Sitting next to a flight attendant on the plane deadheading back from my same cancelled flight, she tells me it was cancelled due to traffic issues in New York. The dead hand of the City has already reached out to freeze my soul, I realize.
We finally get to LGA about an hour behind this flight's schedule, which puts me five hours behind my original schedule. All the airport concessions are closed due to the late hour, so I can't even grab a sandwich. Downstairs in baggage, the English skills of the American Airlines baggage agent are so poor that she can't understand what I'm trying to ask about my luggage arriving on an earlier flight. (Think about that, putting someone in that job who can't understand that kind of question.) She kept pointing to a row of suitcases where my luggage wasn't, then told me to wait for this flight's luggage to appear.
It finally does, not on the carousel marked for it. I walk over there, and presto, another row of old luggage, including mine, which has been waiting for me the whole time I've been following the baggage agent's instructions to wait for the luggage from my late flight.

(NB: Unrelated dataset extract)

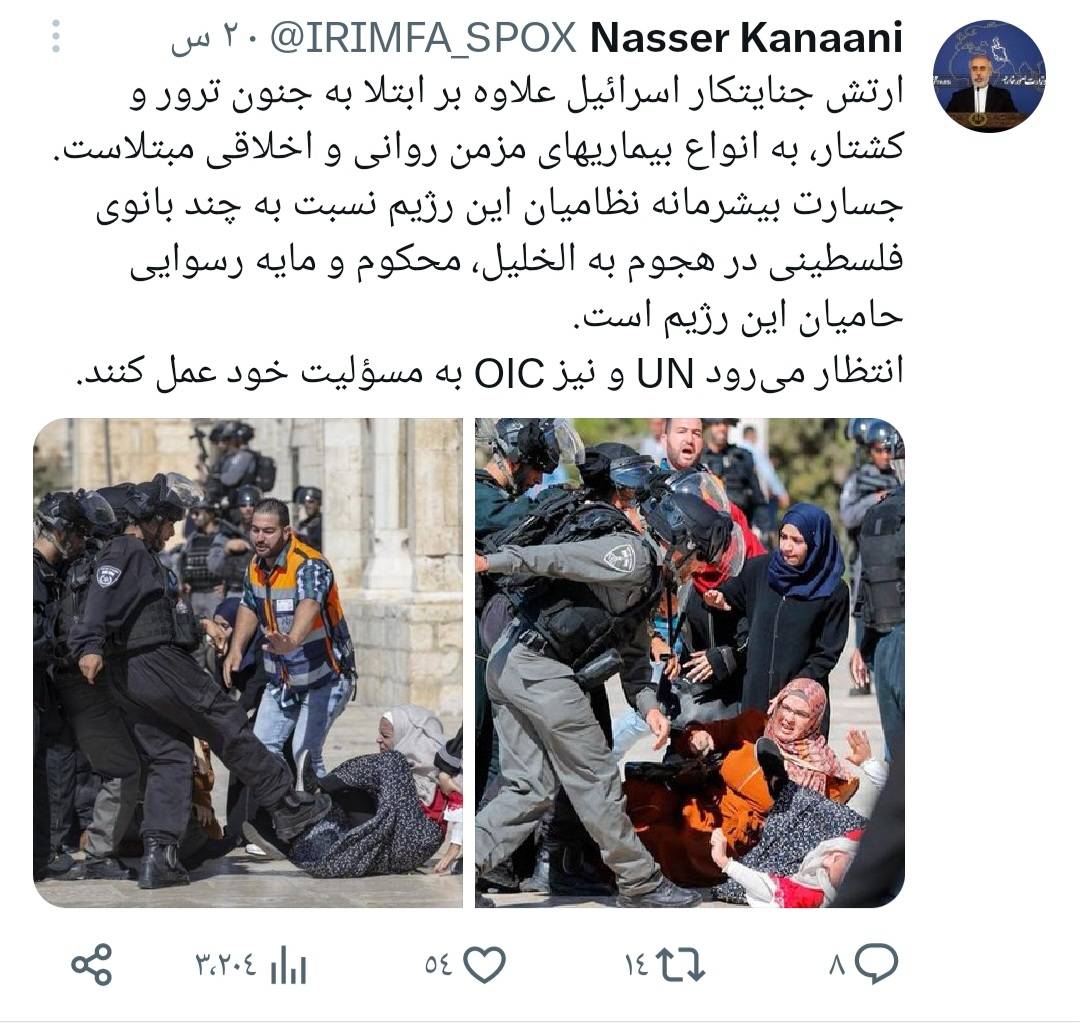 وكتب كنعاني، ردا على الاعتداء الوقح لجنود الكيان الصهيوني على عدد من النساء الفلسطينيات، عبر صفحته الشخصية على موقع " ايكس" : ان الجيش الإسرائيلی الإجرامي، بالإضافة إلى معاناته من جنون الإرهاب وارتكاب المجازر مصاب بجميع أنواع الأمراض النفسية والأخلاقية المزمنة.

I go out to the taxi stand, which was designed by an optimist who thought perhaps two people would need a taxi from La Guardia at any time. Forty people in line, forty cabs waiting for them, and it still takes fifteen minutes to get a cab because they can't get in to the freaking stand to pick up passengers. Driver doesn't know where my hotel is, I call for information. Hotel welcomes me to New York, tells me to come on over. Off we go into the madness that is the FDR.
On arriving at the hotel, I am told very apologetically that they have no room for me. They are oversold, and had not been notified of my late arrival. To my certain knowledge, they'd been notified at least five times, starting around noon, but none of the phone calls which ended with "no problem" included anyone making a note in my reservation.

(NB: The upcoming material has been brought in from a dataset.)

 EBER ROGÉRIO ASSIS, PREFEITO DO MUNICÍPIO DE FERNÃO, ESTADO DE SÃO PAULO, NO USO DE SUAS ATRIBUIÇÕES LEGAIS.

I have a fit. (This is rare for me, I am generally very nice to people in the service industry, who are almost never at fault for whatever idiocy is in play, and even if they are, having a fit doesn't help much.) I apologize for my fit. I am given a top floor suite at another hotel four blocks away at a "very discounted rate." I am given $10 for cab fare. I am given a cab.
Mirable dictu, the new place has a room for me. It is a suite on the 36th floor. Once I get in, I discover the bathroom door is locked and will not unlock, necessitating a call to Engineering. I discover there is no wireless, so I can't sprawl in bed with my laptop, but at least the Ethernet works. I discover room service will send up goat cheese ravioli and an apple-pear-avocado salad with blue cheese.
Basically, a one-day trip to New York has turned into far more hassle than a full ten days of roaming around the breadth of China. On the other hand, I have goat cheese ravioli in a very tall suite. And I have been reading this book on the Beguin heresy in fourteenth century Languedoc, because sometimes one ought to read way outside one's habitual zone.